Still,it's always worth a try.
Hans.


----------



## Brian Rupnow (Jan 2, 2009)

Hans--The point that I was trying to make is that you would have more control about how much interferance and drag there was by how tight the screw was tightened.---Brian


----------



## crankshafter (Jan 2, 2009)

Brian Rupnow  said:
			
		

> A couple of weeks ago, when I picked up all the free gears at the tool repair place, I also picked up 3 burned out portable compressors. I discovered a new/different method of sealing a piston in a cylinder,which I thought would be very applicable to small air engines, possibly even steam engines. I know that you can use a neoprene o-ring, but I have found that o-rings create a very high frictional drag on the cylinder wall, and any advantage gained by using them to seal "compression" is offset by this high drag that they create. It appears that the compressor manufacturer made the piston, seal, and piston cap all the same diameter, then used the flat head capscrew to put just enough pressure on the neoprene seal plate to make it "squish out" a bit and provide an air tight seal with the cylinder wall. It also appears that one might be able to control this amount of "squish out" (for lack of a better technical term), by how much the screw was tightened. Now of course, this would demand some blue loctite on the flat head capscrew to prevent it from working loose, and if using this design, the cylinder bores would have to be marginally deeper to accomodate the extra piston height. I would still put in the 3 small grooves for oil retention, both to lubricate the piston in its bore, and to help seal it. Maybe I'm posting information here that has already been tried and discarded, but I thought it was a very interesting way of providing a piston seal without having to get into the advanced machining skills required to manufacture piston rings.---Brian


Hi Brian.
I will try to explane how I did it.
I used a O-ring(Viton) as piston ring in my Webster 4-cycle.
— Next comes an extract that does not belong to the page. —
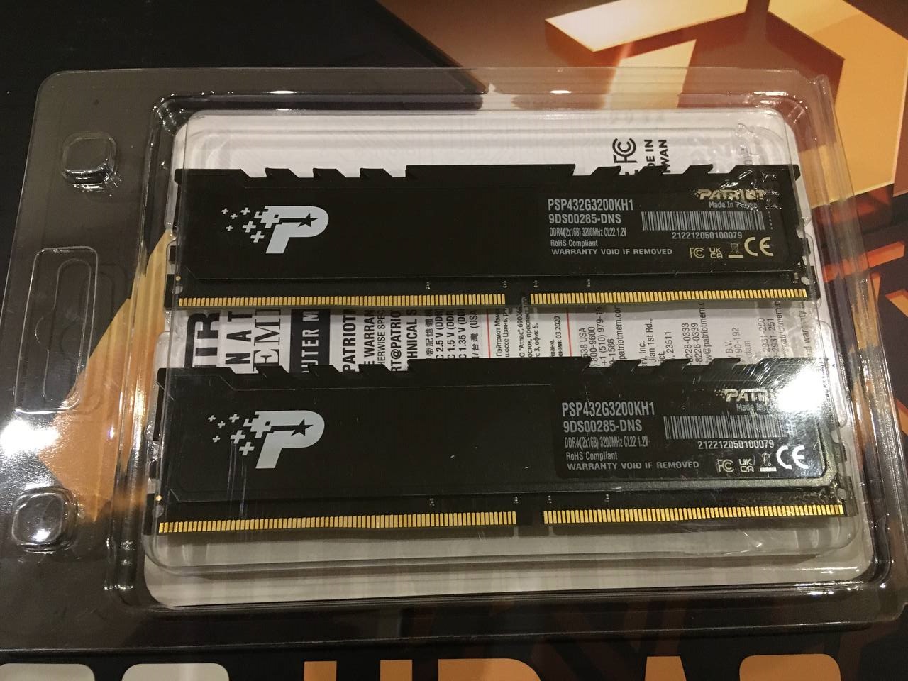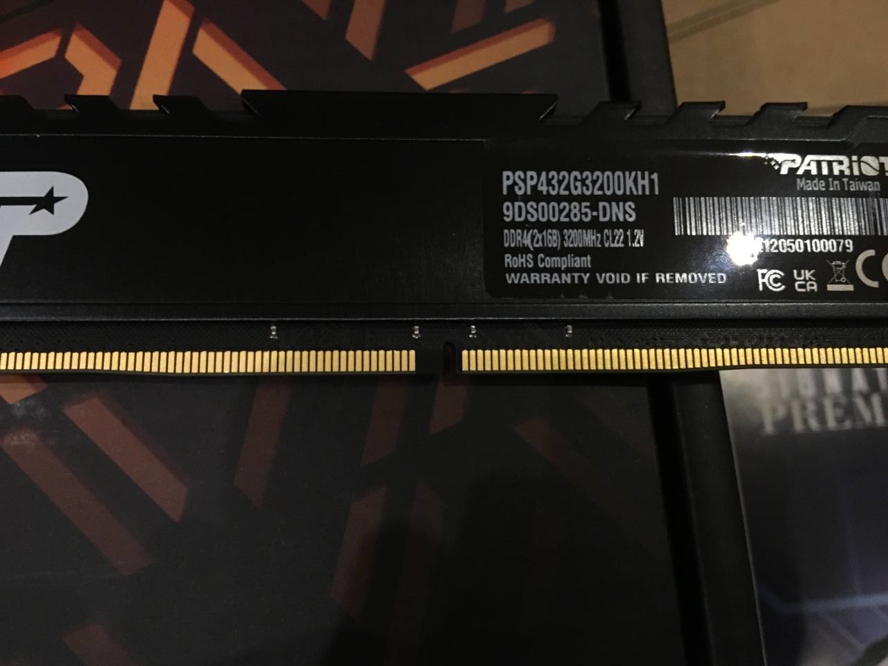 С оперативкой было уже не всё так просто, выбор то в магазинах приличный, а вот качество этих всех модулей сомнительное. Ни для кого не секрет, а для тех кому секрет мы его сейчас раскроем - модули памяти подбираются довольно просто - для начала было решено брать сразу 32Gb, чтоб в ближайшие лет 5 к этому вопросу не возвращаться, частота естественно 3200 максимальная для стандарта DDR4 и главное рабочее напряжение 1.2в. Проставив все эти галочки на сайте магазина вдруг обнаруживается, что выбрать-то надо всего-то моделей из 10-12, а весь шлак сам собой отсеивается. Сначала я хотел взять какие-то обычные "зелёненькие" модули то ли Crucial, то ли Samsung, но они пропали из продажи. В итоге был взят комплект из 2х модулей по 16Gb - прошу любить и жаловать Patriot Signature Line Premium PSP432G3200KH1 2х16Gb. Цена на момент покупки 6500р.

I used an under sized O-ring and stretched it so its barley protrude outside the piston just to eliminate most of the drag.( Brian, and the rest of you I hope you understand what i mean, my English is terrible, I know)
The Webster has some hours running time now and with no problem at all.
Best regards CS


----------



## Brian Rupnow (Jan 2, 2009)

Crankshafter---I understand very well what you are saying. Your English is as good or better than many people who use English as their native language. I have always found that when cutting o-ring grooves using the information given in the o-ring literature, they fit too tight. I am sure if one has the time to experiment a bit, that they can achieve a fit like you are talking about.---Brian


----------



## Maryak (Jan 2, 2009)

crankshafter  said:
			
		

> ( Brian, and the rest of you I hope you understand what i mean, my English is terrible, I know)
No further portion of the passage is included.